La señora Lola llegó al local junto con su hermana y su sobrino Ricardo para ver en qué estado se encontraba la panadería. Estaba limpia, había panes que todavía se podían vender bajándoles un poco el precio, sin embargo, los tiraron. Abrieron la caja registradora y vieron algunos billetes, los contaron y decidieron que esa sería la suma promedia de ventas. No era mucho, pero ahorrando un poco se podría invertir bien para algo significativo. No se podría comprar una casa, pero sí muebles nuevos, un coche, ropa y otras cosas necesarias para una viuda aun guapa.
Comenzaron a llegar los clientes atraídos por el olor, preguntando sobre el destino del negocio. “No se preocupen, nosotros seguiremos con las ventas. Aquí mi sobrino Ricardito, será el nuevo panadero”. Ricky, joven, delgado y fuerte, sonrió con sinceridad, pero dada la forma de su torcida boca su expresión pareció un gesto de desprecio. Los clientes se miraron entre ellos con sospecha y se fueron prometiendo volver cuando empezara a hornearse el pan.
—Mire, tía, aquí está la libreta con las recetas de la elaboración de cada tipo.
—Perfecto mijo, pues venga, manos a la obra.
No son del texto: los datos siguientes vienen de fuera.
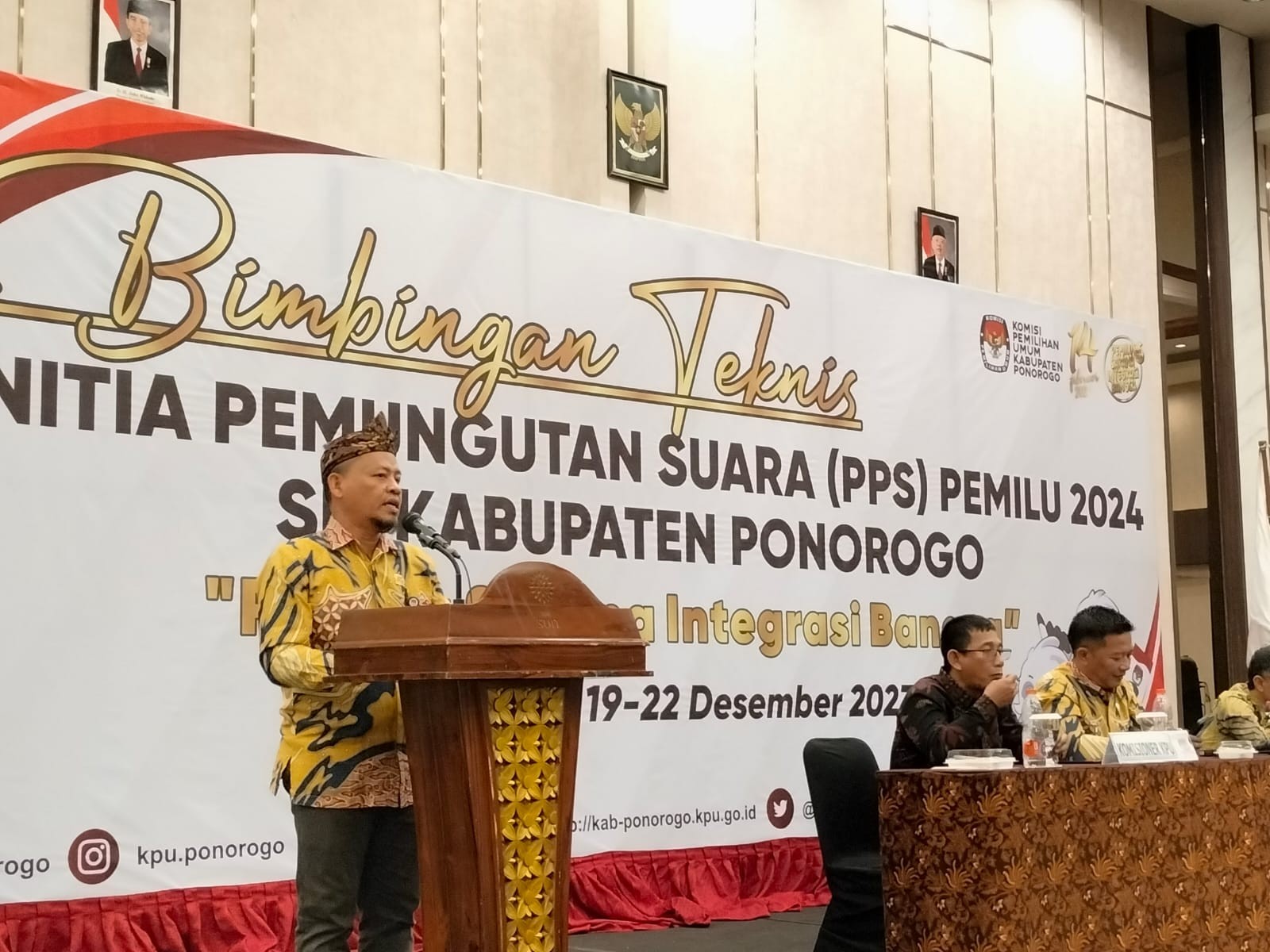 Madiun -kab.ponorogo.kpu.go.id- Bimbingan teknis (Bimtek) pemungutan suara dalam pemilu serentak tahun 2024 dilaksanakan Komisi Pemilihan Umum Kabupaten Ponorogo pada tanggal 18-22 Desember di Ball Room Hotel Sun City Kota Madiun.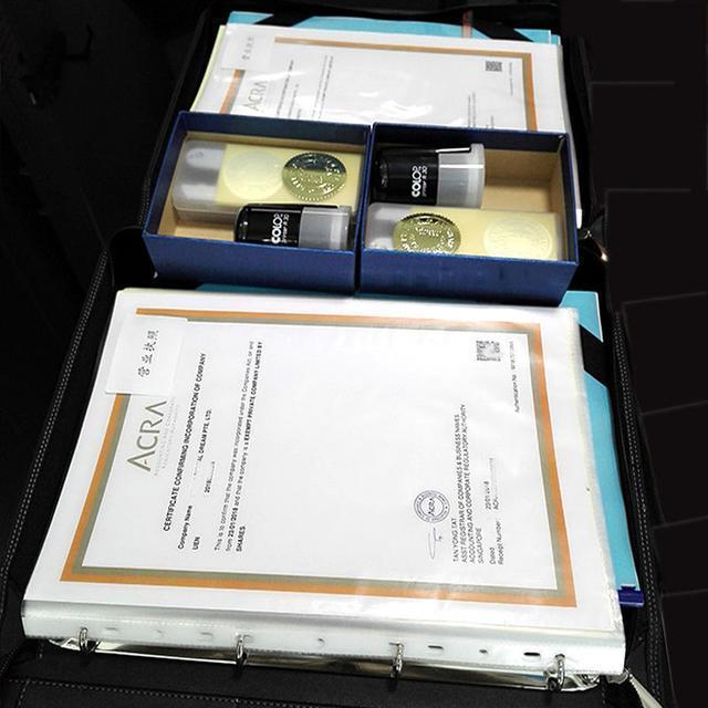 完整的文件包括:注冊證書(這個相當(dāng)于營業(yè)執(zhí)照)、注冊紙、章程、公章、鋼印、律師文件、公司成立公告、注冊地址公告、新方掛名董事授權(quán)文件、新方商業(yè)秘書授權(quán)文件、首次董事會議書、光盤、文件夾、文件盒共14項。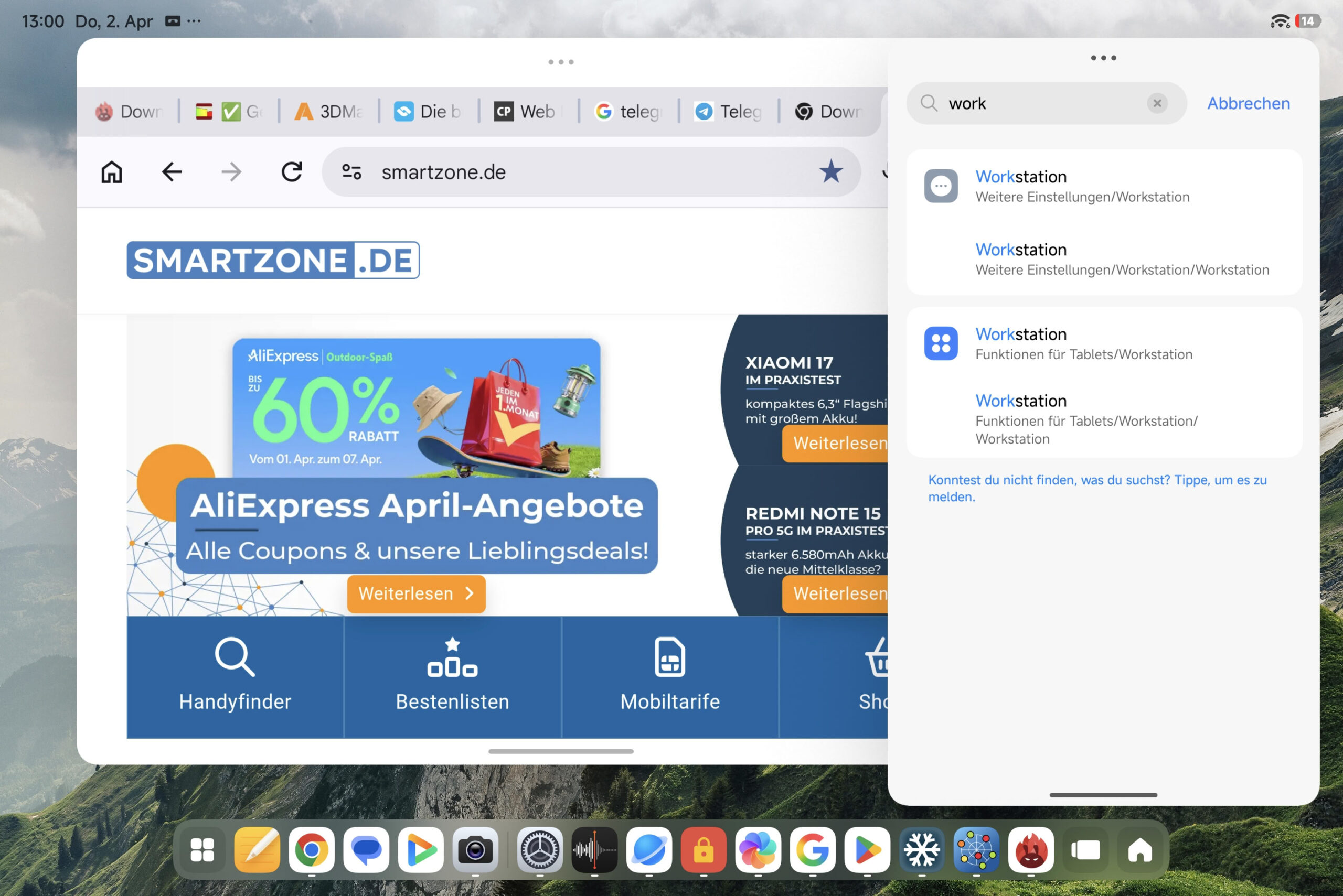 Für Nutzer, die das Tablet als Laptop-Ersatz verwenden möchten, gibt es den Workspace-Modus. Dieser soll ein Desktop-ähnliches Erlebnis schaffen, steckt aber in den Anfängen. Das Fenstermanagement könnte besser sein und auch die Gesten lassen sich noch nicht optimal belegen. Wenigstens drei Buttons zum Beenden, Maximieren und Minimieren ohne umständliches Menü hätte Xiaomi mal bei MacOS oder Windows abkupfern können.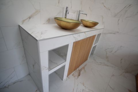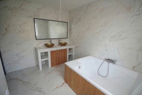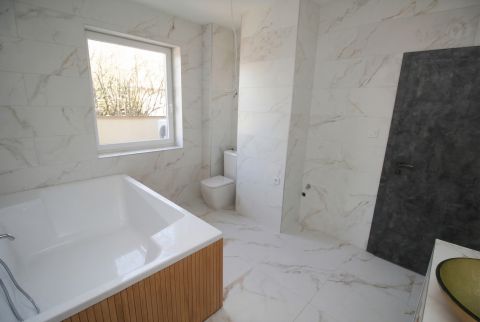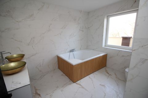 A belső tereket gyönyörű dekorfalak és magas minőségű, gondosan kiválasztott burkolatok teszik igazán elegánssá. A teraszok időjárásálló WPC burkolattal készültek, amelyek tartós és esztétikus megoldást biztosítanak.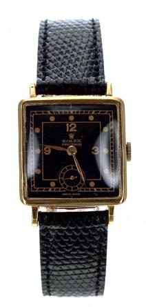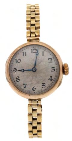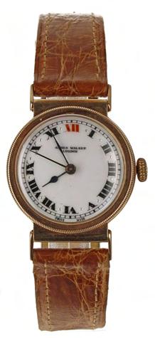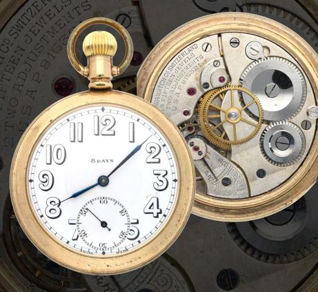 Waltman - 14ct cylinder engraved fob watch, gilt frosted bar movement with 'Waltman' trademark, metal hinged cuvette, gilt dial with Roman numerals and engraved centre, 30.0gm, 34mm

Prepara ya algo, sigue al pie de la letra las notas para que esta tarde empecemos a ganar los duros.
Trabajaron toda la tarde y, pasadas las siete, metieron al horno las bolitas de harina. Esperaron en silencio contando minuto a minuto el tiempo indicado en cada receta y fueron colocando los panes en cada estantería y los mejores en el mostrador. Pusieron un platito con trocitos de teleras y bolillos para que la gente los probara y escogiera los que más le gustaban.
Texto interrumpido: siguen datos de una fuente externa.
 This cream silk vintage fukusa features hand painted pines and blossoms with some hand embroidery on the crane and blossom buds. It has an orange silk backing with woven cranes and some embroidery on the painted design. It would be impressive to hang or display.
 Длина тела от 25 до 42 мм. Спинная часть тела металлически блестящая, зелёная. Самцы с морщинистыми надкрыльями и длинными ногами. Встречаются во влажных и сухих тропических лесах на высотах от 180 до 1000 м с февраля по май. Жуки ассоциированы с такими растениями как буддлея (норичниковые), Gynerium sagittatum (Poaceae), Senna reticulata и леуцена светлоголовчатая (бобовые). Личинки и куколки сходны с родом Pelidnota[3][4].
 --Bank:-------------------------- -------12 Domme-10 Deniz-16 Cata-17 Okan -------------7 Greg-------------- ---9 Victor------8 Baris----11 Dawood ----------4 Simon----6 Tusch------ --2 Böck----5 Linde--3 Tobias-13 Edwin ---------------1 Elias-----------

La primera en llegar fue la señora Leonor quien después de dar el pésame pidió tres barras y veinticinco teleras. Pagó y se fue. En el momento que la clienta cruzó la puerta, Doña Lola sitió que había un aire de desaprobación en aquella anciana. Se quedó preocupada y decidió ver qué reacción tenían los demás clientes. En todos los compradores sintió rechazo. Por alguna razón la gente no les hacía la conversación y se limitaban a comprar lo que necesitaban y salían. Doña Lola pensó que sería por la pérdida de Pascualito. Trató de recordar la última vez que había pasado un buen rato con su marido y no recordó nada. Le dolió un poco comprender su situación. Pascualito se lo había dicho mil veces: “Paso horas enteras pensando en ti, rodeado de panes, sabes que no los puedo comer, que me moriría, y por eso, me alimento de cosas que solo me engordan. Si estuvieras a mi lado como siempre, otra cosa sería, pero no me quieres perdonar”.
Lola salió a la calle para fumarse un cigarro y mirar el cielo. En voz muy baja se dijo que había sido injusta, que la supuesta infidelidad de su esposo no había merecido aquel castigo, pero era tarde y sabía que él se había suicidado. Nada le habría costado perdonar, pero ya era muy tarde. Tiró la colilla y la pisó. Se le salieron las lágrimas y después le fue imposible contener su pena.